In [1]:
import plotly.io as pio
import plotly.graph_objects as go
from plotly.subplots import make_subplots
import plotly.express as px
import pandas as pd
import numpy as np

# Set up the plotting template
pio.templates["custom"] = pio.templates["plotly"]
pio.templates["custom"].layout.margin = dict(l=0, r=0, t=50, b=0)
pio.templates.default = "custom"

## Correlation

Before diving in to the DFT, here is some background on correlation. Correlation is very similar to convolution. Given two input signals, it produces a third signal. The algorithm to find the correlation of two signals similarly involves multiplying the input signal with the target signal and summing the points to create $y[i]$, the output signal.

The purpose of correlation is to detect a known waveform within another waveform. An example would be using an echo-location system (e.g. radar) sending a pulse with a known waveform to detect a moving object. The reflected signal would be shrouded with noise with the shape of our original pulse baked in somewhere. We would use correlation to detect where that known waveform lies within the received signal.

In [2]:
# Target signal
t = np.zeros(20)
t[:7] = np.array([0, 1.0, 0.8, 0.6, 0.4, 0.2, 0.0])

# Received signal with added noise
x = 0.15*np.random.rand(80) - 0.15/2
x[17:24] += t[:7]
x *= 0.2

fig = make_subplots(rows=1, cols=2, subplot_titles=("Transmit signal t[n]", "Received signal x[n]"))
fig.add_trace(go.Scatter(y=t,
                         marker=dict(size=10, symbol="square"),
                         mode="lines+markers"),
              row=1, col=1)
fig.add_trace(go.Scatter(y=x,
                         marker=dict(size=10, symbol="square"),
                         mode="lines+markers"),
              row=1, col=2)
fig.update_layout(showlegend=False)
fig.update_xaxes(title_text="Sample number (or time)")
fig.update_yaxes(title_text="Amplitude")
fig.show()

When the target signal $t[n]$ is correlated with the received signal $x[n]$, the result is called the **cross-correlation signal**, $y[n]$. The amplitude of each point in the cross-correlation signal is a measure of how similar the received signal is to the target signal at that particular location. This means that at a given point in $y[n]$, a peak will occur when the shape of $x[n]$ lines up with the shape of $t[n]$. The values in that location will be maximized, indication a detection of the target waveform. This does not necessarily mean the cross-correlation signal will look like the target signal, only that there will be a peak where $t[n]$ is detected in $x[n]$ $^{[1]}$.
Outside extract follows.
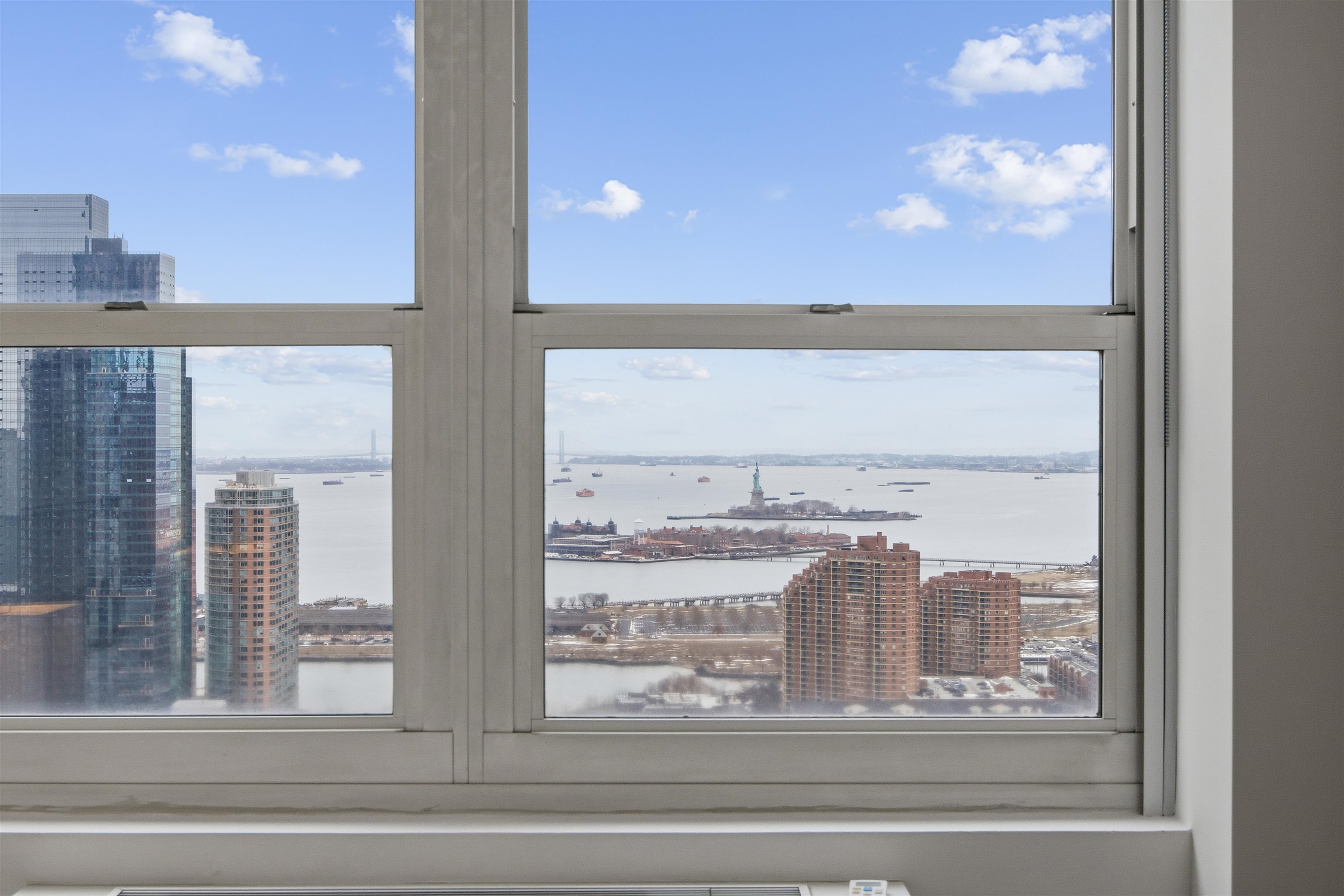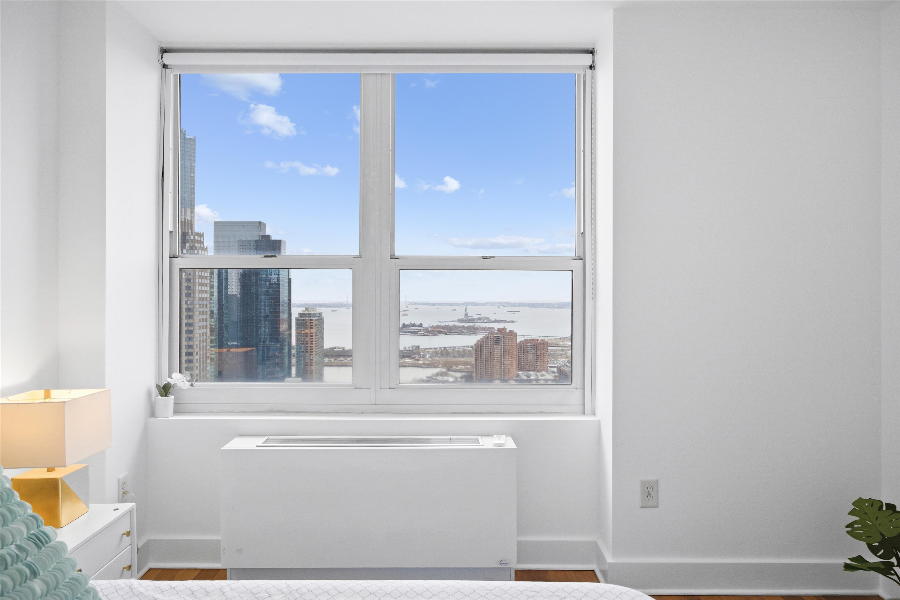Perched on the 43rd Floor, this stunning South Facing home offers breathtaking views. Flooded with natural sunlight throughout the day. A spacious open layout with no wasted space. A gourmet kitchen featuring stainless steel appliances, granite countertops, tiled backsplash and a large breakfast bar. Great closet space with a coat closet at the entrance, closet in the hallway, walk-in closet in the bedroom and a large linen closet in the bathroom. Move-in ready with newly refinished Hardwood floors and updated bathroom vanity. Enjoy the convenience of an in-unit washer/dryer. World Class Amenities include: 24-hour concierge, state-of-the-art fitness center, multiple resident lounges, game room, virtual golf, heated outdoor pool, jacuzzi, steam room, sauna, plus much more! Conveniently located between the Newport, Grove and Exchange PATH!

Calculating the cross-correlation signal is almost identical to convolution, except that the target signal is not swapped left-for-right, as the impulse response $h[n]$ is in correlation.

In [3]:
y = np.zeros(len(x))
for i in range(len(x)):
    for j in range(len(t)):
        if i+j >= len(x):
            continue
        y[i] += t[j] * x[i+j]

fig = px.scatter(y)
fig.update_layout(title="Cross-correlation signal y[n]", showlegend=False)
fig.update_traces(marker=dict(size=10, symbol="square"), mode="lines+markers")
fig.update_xaxes(title_text="Sample number (or time)")
fig.update_yaxes(title_text="Amplitude")
fig.show()

There is still noise in the cross-correlation signal, but now we know that our target signal exists somewhere around point 17. In a radar detection application, we can use this offset in time (or sample number divided by sampling rate) and the speed of light to determine how far away the detected object is.

Don't let the similarity between convolution and correlation fool you into thinking they are the same thing. Convolution relates an input signal and impulse response to an output signal; whereas correlation allows you to detect a known waveform buried in noise.

# Discrete Fourier Transform (DFT)

Jean Baptiste Joseph Fourier discovered that any continuous waveform can be represented as a sum of sinusoidal waves. This fact also translates into the world of discretes. The DFT takes a discrete input signal and *correlates* it with the sine and cosine basis functions to extract frequency, phase, and amplitude information needed to reconstruct the original signal using only sine and cosine waves. In digital signal processing, we can then use this information to manipulate any input signal.

The DFT can be subdivided into *real* and *complex* versions. The *real* version only deals with real numbers and is the only version that will be considered in this notebook.

The DFT takes an $N$ point input signal and transforms it into two $N/2+1$ point output signals. The two output signals contain the amplitudes of the component sine and cosine waves. These are called the **Real part of $X[]$** and the **Imaginary part of $X[]$**. The values in $ReX[]$ are the amplitudes of the cosine waves, and the values in $ImX[]$ are the amplitudes of the sine waves. Although they are differentiated as "real" and "imaginary", there are no complex numbers in these arrays.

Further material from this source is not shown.